Segment Start: SOURCE MATERIAL

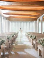 おふたりを祝福するように光が差し込む明るい空間。上質な木目の落ち着いた印象に、緑豊かな10m以上のバージンロードはまるで都心にいることを忘れさせてくれるよう。心通う誓いが叶う期待のチャペルが2025年7月ついにリニューアルオープン。
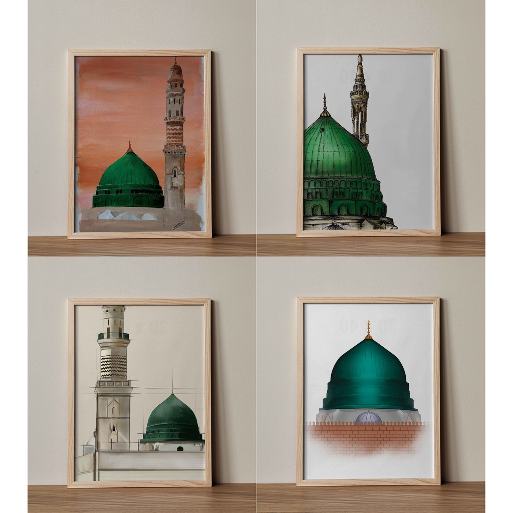 Pajangan dinding Islami Masjid An Nabawi (the green dome) - Madinah, Frame Kayu Minimalist, Islamic Home Decoration, Desain Interior islami
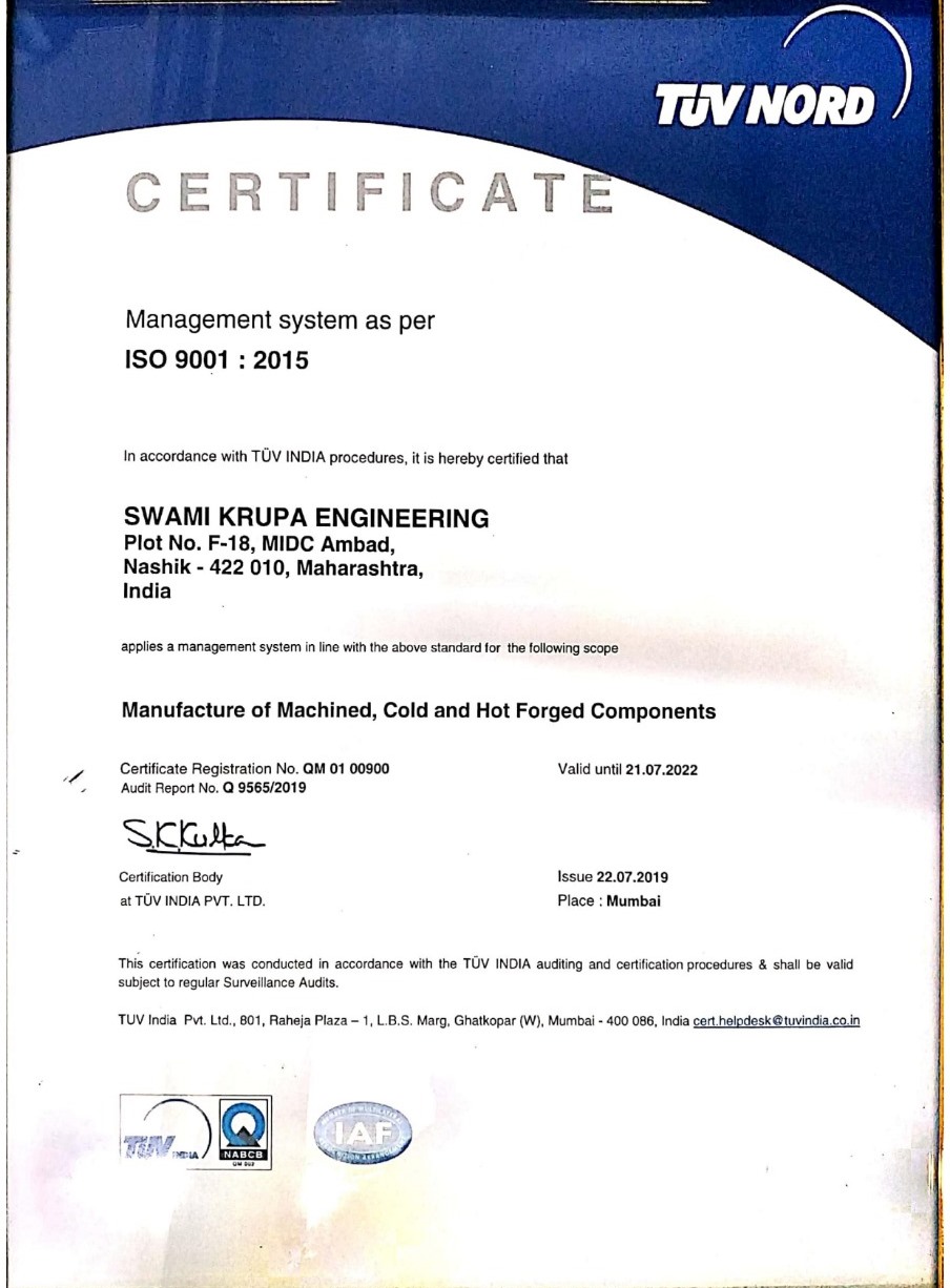 We are an ISO 9001:2015 certified company. Our staff undergoes frequent training programs in quality tools like SPC, 5S, 3M etc to enhance their skills.
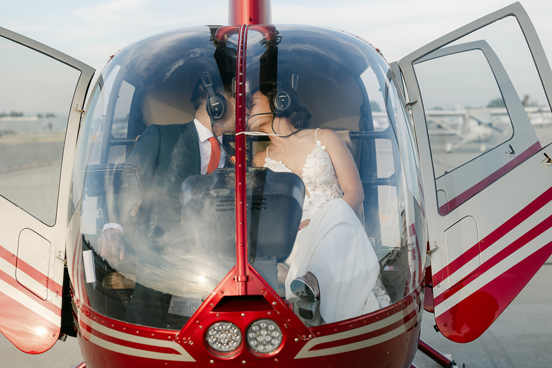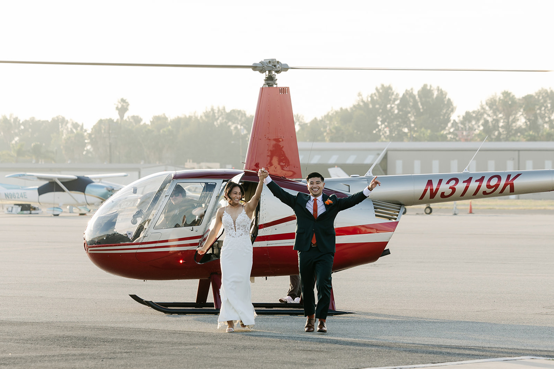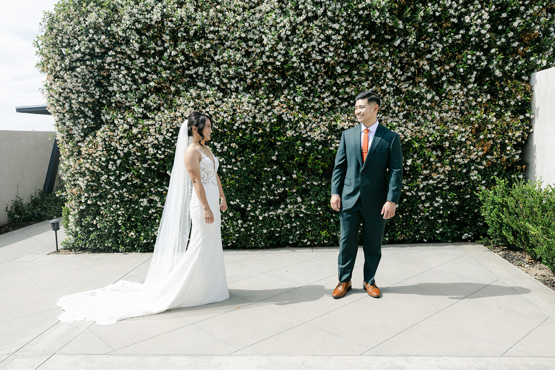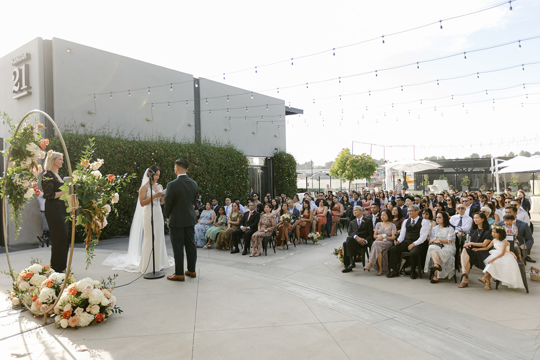 Katrina met Francis outside of Hangar 21 for their first look. On the photographer’s signal, Francis turned around to see his beautiful bride standing before him in a lace detail wedding dress and smiles immediately filled their faces. Sweet compliments were exchanged, then the couple joined their wedding party on the tarmac for group pictures. The bridesmaids were dressed in peach, orange, and tan, and the groomsmen wore black. Together the friends smiled for the camera creating lasting memories, then lined up for the ceremony.
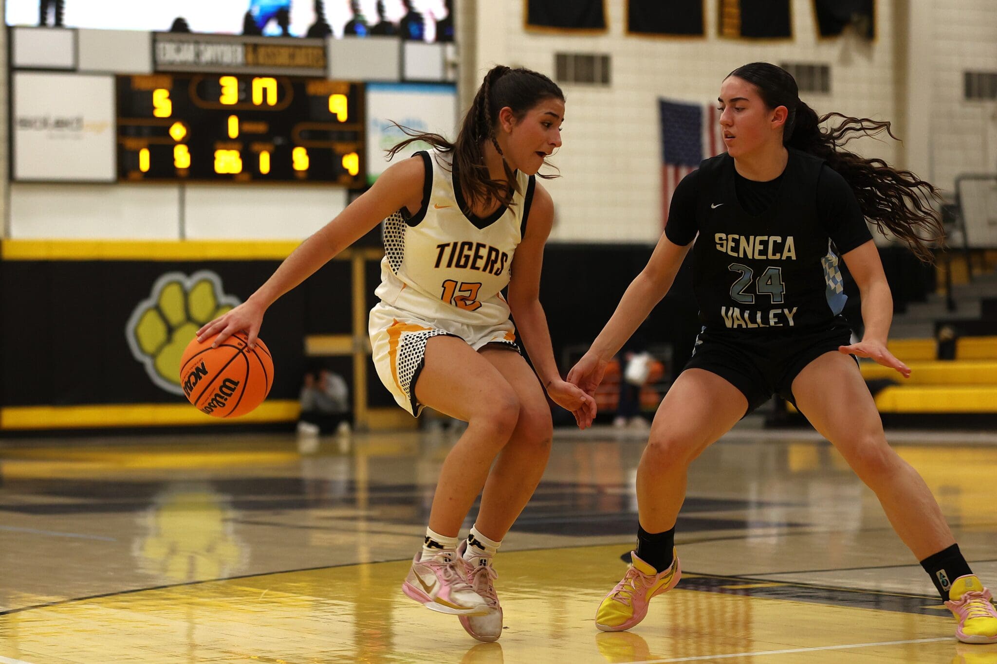 Two basketball players from rival teams in action on the court.

Segment End: SOURCE MATERIAL

### WHAT THE TASK ASKS
Please copy the lines above, starting at the one that holds "Pajangan dinding Islami" and stopping after the last line, exactly as they appear and minus the pictures.

### TASK SOLUTION
 Pajangan dinding Islami Masjid An Nabawi (the green dome) - Madinah, Frame Kayu Minimalist, Islamic Home Decoration, Desain Interior islami
 We are an ISO 9001:2015 certified company. Our staff undergoes frequent training programs in quality tools like SPC, 5S, 3M etc to enhance their skills.
 Katrina met Francis outside of Hangar 21 for their first look. On the photographer’s signal, Francis turned around to see his beautiful bride standing before him in a lace detail wedding dress and smiles immediately filled their faces. Sweet compliments were exchanged, then the couple joined their wedding party on the tarmac for group pictures. The bridesmaids were dressed in peach, orange, and tan, and the groomsmen wore black. Together the friends smiled for the camera creating lasting memories, then lined up for the ceremony.
 Two basketball players from rival teams in action on the court.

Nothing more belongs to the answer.